Records from a data collection

+++++

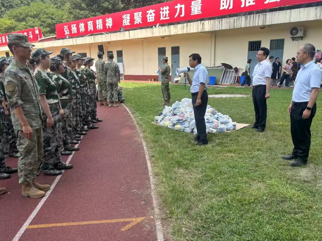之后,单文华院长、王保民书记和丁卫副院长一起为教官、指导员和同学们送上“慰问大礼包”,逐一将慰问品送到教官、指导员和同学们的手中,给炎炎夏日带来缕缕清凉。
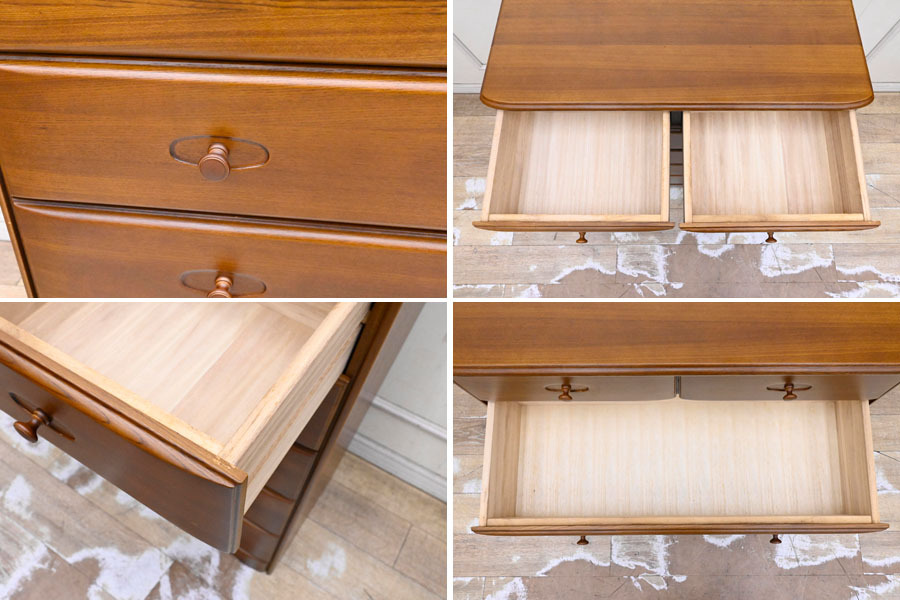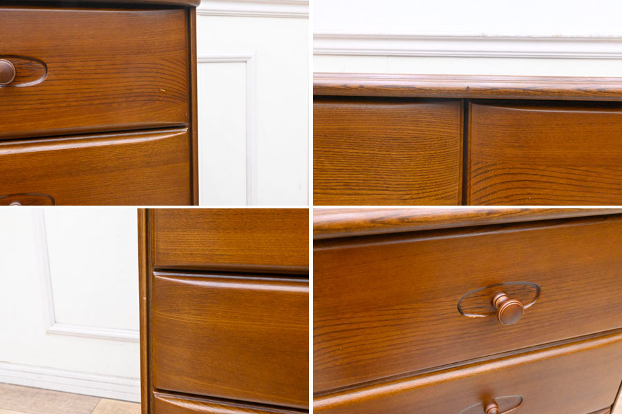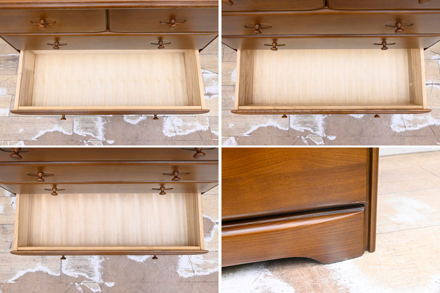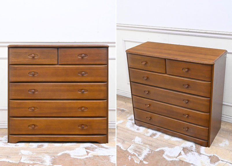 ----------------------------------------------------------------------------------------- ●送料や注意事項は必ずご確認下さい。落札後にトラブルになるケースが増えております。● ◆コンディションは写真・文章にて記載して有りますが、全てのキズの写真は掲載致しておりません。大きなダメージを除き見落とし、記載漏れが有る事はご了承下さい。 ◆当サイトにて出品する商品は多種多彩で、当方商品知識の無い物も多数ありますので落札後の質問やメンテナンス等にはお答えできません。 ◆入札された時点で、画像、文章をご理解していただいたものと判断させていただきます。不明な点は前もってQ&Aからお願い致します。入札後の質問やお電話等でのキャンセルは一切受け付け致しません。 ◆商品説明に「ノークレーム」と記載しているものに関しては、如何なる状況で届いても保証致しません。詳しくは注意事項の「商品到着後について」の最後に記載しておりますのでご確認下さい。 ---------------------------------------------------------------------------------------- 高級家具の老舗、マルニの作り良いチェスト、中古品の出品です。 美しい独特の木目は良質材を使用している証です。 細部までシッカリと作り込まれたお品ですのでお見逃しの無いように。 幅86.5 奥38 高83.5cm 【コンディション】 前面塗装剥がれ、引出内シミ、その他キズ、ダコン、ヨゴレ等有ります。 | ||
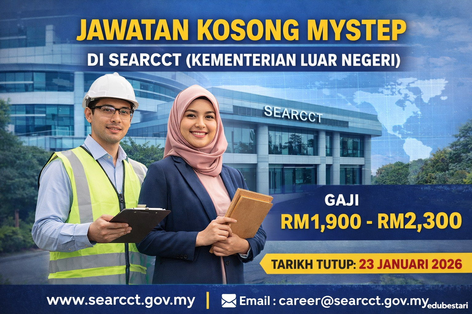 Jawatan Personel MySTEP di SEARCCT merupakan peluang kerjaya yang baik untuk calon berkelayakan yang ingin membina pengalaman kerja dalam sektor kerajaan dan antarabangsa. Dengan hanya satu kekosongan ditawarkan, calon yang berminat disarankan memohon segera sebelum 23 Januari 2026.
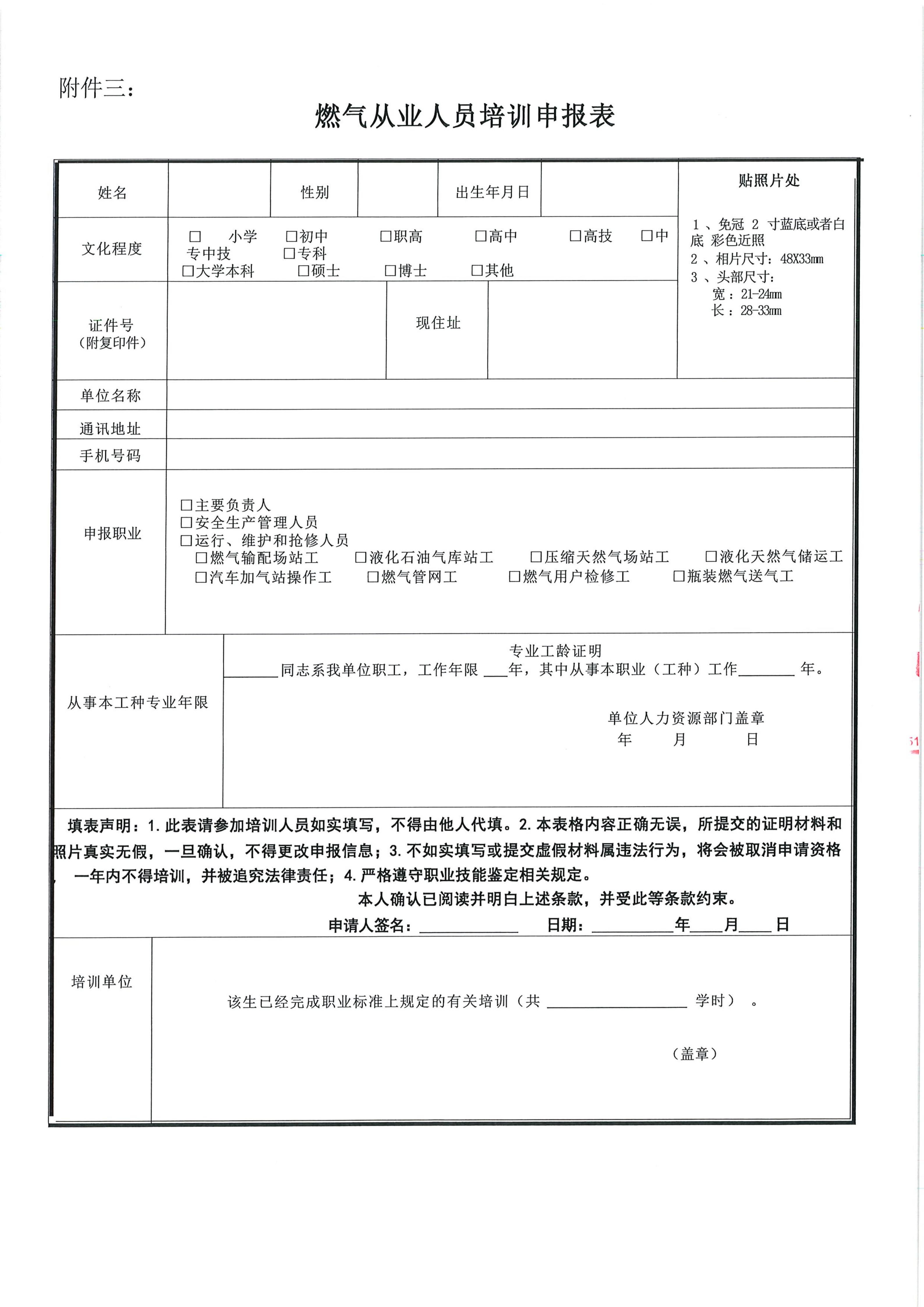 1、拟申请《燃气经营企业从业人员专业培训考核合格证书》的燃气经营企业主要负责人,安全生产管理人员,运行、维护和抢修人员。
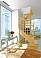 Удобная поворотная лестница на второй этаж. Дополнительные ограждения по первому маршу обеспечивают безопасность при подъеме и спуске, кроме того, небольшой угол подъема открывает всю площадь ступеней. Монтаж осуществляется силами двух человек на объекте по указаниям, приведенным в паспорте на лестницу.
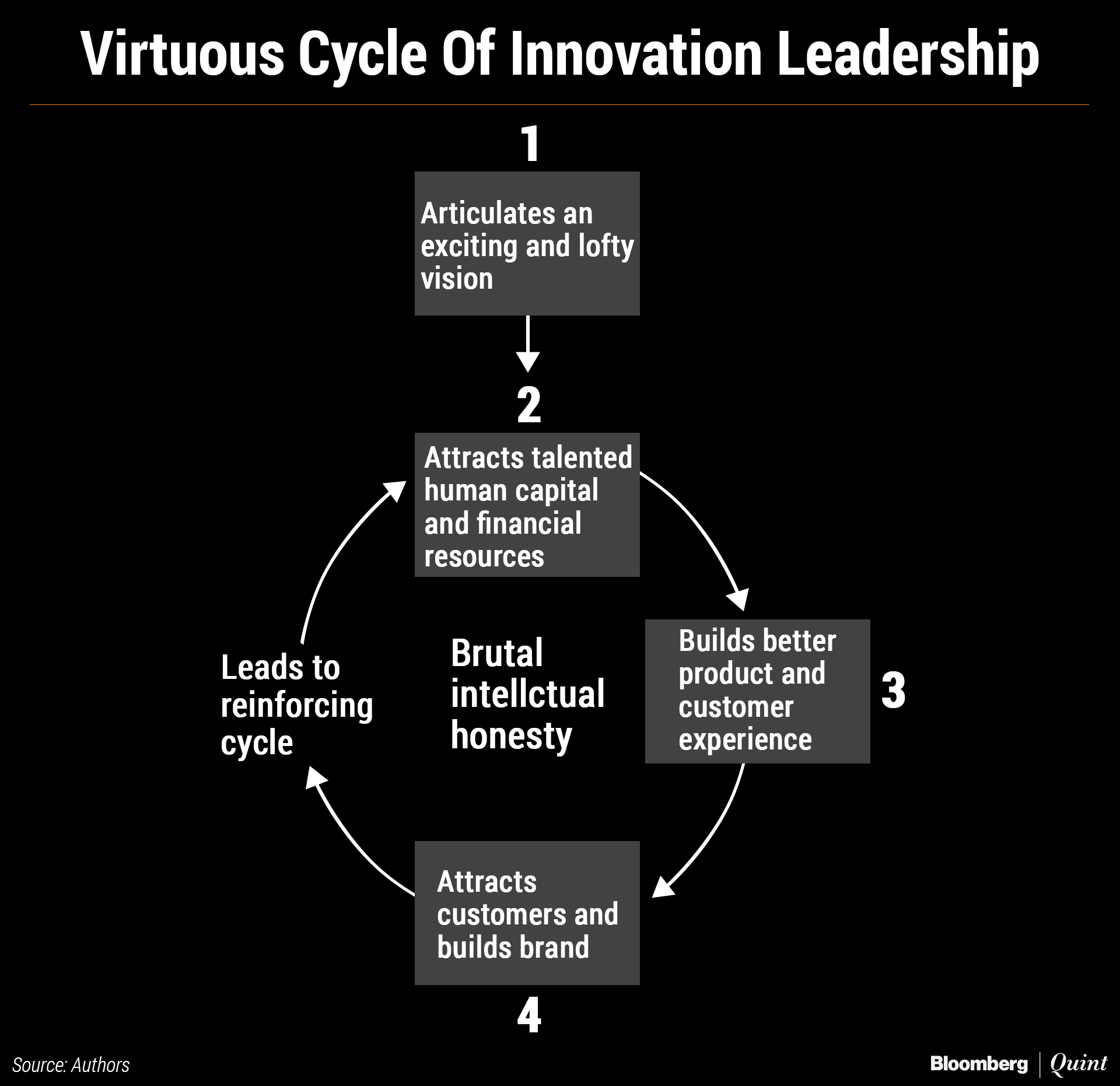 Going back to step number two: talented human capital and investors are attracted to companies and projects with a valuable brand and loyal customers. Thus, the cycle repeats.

+++++

- _Aim of the task_: Each record above must be retyped exactly. Omit the pictures.

- _Answer below_:
之后,单文华院长、王保民书记和丁卫副院长一起为教官、指导员和同学们送上“慰问大礼包”,逐一将慰问品送到教官、指导员和同学们的手中,给炎炎夏日带来缕缕清凉。
 ----------------------------------------------------------------------------------------- ●送料や注意事項は必ずご確認下さい。落札後にトラブルになるケースが増えております。● ◆コンディションは写真・文章にて記載して有りますが、全てのキズの写真は掲載致しておりません。大きなダメージを除き見落とし、記載漏れが有る事はご了承下さい。 ◆当サイトにて出品する商品は多種多彩で、当方商品知識の無い物も多数ありますので落札後の質問やメンテナンス等にはお答えできません。 ◆入札された時点で、画像、文章をご理解していただいたものと判断させていただきます。不明な点は前もってQ&Aからお願い致します。入札後の質問やお電話等でのキャンセルは一切受け付け致しません。 ◆商品説明に「ノークレーム」と記載しているものに関しては、如何なる状況で届いても保証致しません。詳しくは注意事項の「商品到着後について」の最後に記載しておりますのでご確認下さい。 ---------------------------------------------------------------------------------------- 高級家具の老舗、マルニの作り良いチェスト、中古品の出品です。 美しい独特の木目は良質材を使用している証です。 細部までシッカリと作り込まれたお品ですのでお見逃しの無いように。 幅86.5 奥38 高83.5cm 【コンディション】 前面塗装剥がれ、引出内シミ、その他キズ、ダコン、ヨゴレ等有ります。 | ||
 Jawatan Personel MySTEP di SEARCCT merupakan peluang kerjaya yang baik untuk calon berkelayakan yang ingin membina pengalaman kerja dalam sektor kerajaan dan antarabangsa. Dengan hanya satu kekosongan ditawarkan, calon yang berminat disarankan memohon segera sebelum 23 Januari 2026.
 1、拟申请《燃气经营企业从业人员专业培训考核合格证书》的燃气经营企业主要负责人,安全生产管理人员,运行、维护和抢修人员。
 Удобная поворотная лестница на второй этаж. Дополнительные ограждения по первому маршу обеспечивают безопасность при подъеме и спуске, кроме того, небольшой угол подъема открывает всю площадь ступеней. Монтаж осуществляется силами двух человек на объекте по указаниям, приведенным в паспорте на лестницу.
 Going back to step number two: talented human capital and investors are attracted to companies and projects with a valuable brand and loyal customers. Thus, the cycle repeats.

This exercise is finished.